Marine General James Mattis, Trump’s first Secretary of Defense wrote that, “Donald Trump is the first president in my lifetime who does not try to unite the American people—does not even pretend to try. Instead, he tries to divide us.”

From his early campaign rallies, where he openly encouraged his supporters to beat protestors, to his calls for police to handle arrested persons roughly, to his repeated demands that the government imprison his political opponents, to his oft-expressed admiration for “tough guys,” to his suggestion that “second amendment people,” take care of his political opponents, to his bragging about federal agents committing extra-judicial murder, to his  constant demonization of the press as “enemies of the people,” to his retweeting of memes that encourage violence, to his support for accused vigilante killer Kyle Rittenhouse, and to his contemptible refusal to condemn far-right racism and violence, Trump has actively worked to make America a more dangerous, more fractured, and more hateful nation. He and his enablers throughout the Republican Party remain cruelly indifferent to the long-term destruction his open support of violence will inflict on the nation.

Remarkably, in the context of the slime-fest that has been the Trump presidency, the growing threat of political violence is scarcely acknowledged. But while much of the Trump-inflicted damage might be reversed, politically-motivated violence may not be.

“I don’t know how you pull back from the brink here,” Kilcullen said. “At the end of the day, the least you’ve got right now is in the low tens of millions of people who’ve actively prepared to murder their countrymen and in many were looking forward to it. How does a Joe Biden electoral victory change that?”

“Probably the biggest issue is the president of the United States right now, who has portrayed himself as somebody who, you know, is not necessarily interested in calming the waters,” said Stephen Pomper, senior director for policy at the International Crisis Group. Pomper said that Trump “might actually court unrest in order to serve his political and personal goals.”
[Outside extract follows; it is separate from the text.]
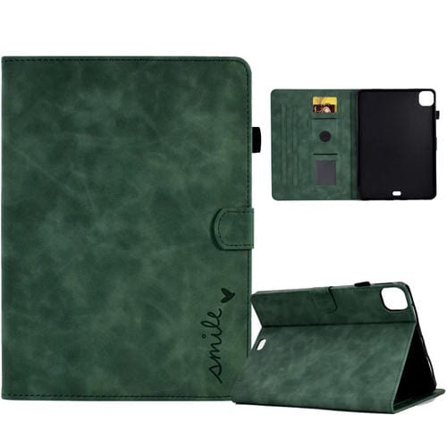 Funda de Cuero Inteligente para iPad Pro 11 (2024) con Sonrisa En Relieve (Verde)

Kilcullen and other researchers agree that a critical first step would be action by the president to lower the political temperature.

“The only way you can avoid violence, and perhaps a constitutional crisis, is if the political leadership of both parties moves to de-escalate things and demobilize their bases,” said Harvard political scientist Steven Levitsky. “Trump is doing precisely the opposite of that.”

Earlier this week, Joe Biden told an audience in Pittsburgh that violence was unacceptable. “I’m going to be very clear about all of this,” the former Vice-President said, “Rioting is not protesting. Looting is not protesting. Setting fires is not protesting. None of this is protesting. It’s lawlessness. Plain and simple. And those who do it should be prosecuted. Violence will not bring change.”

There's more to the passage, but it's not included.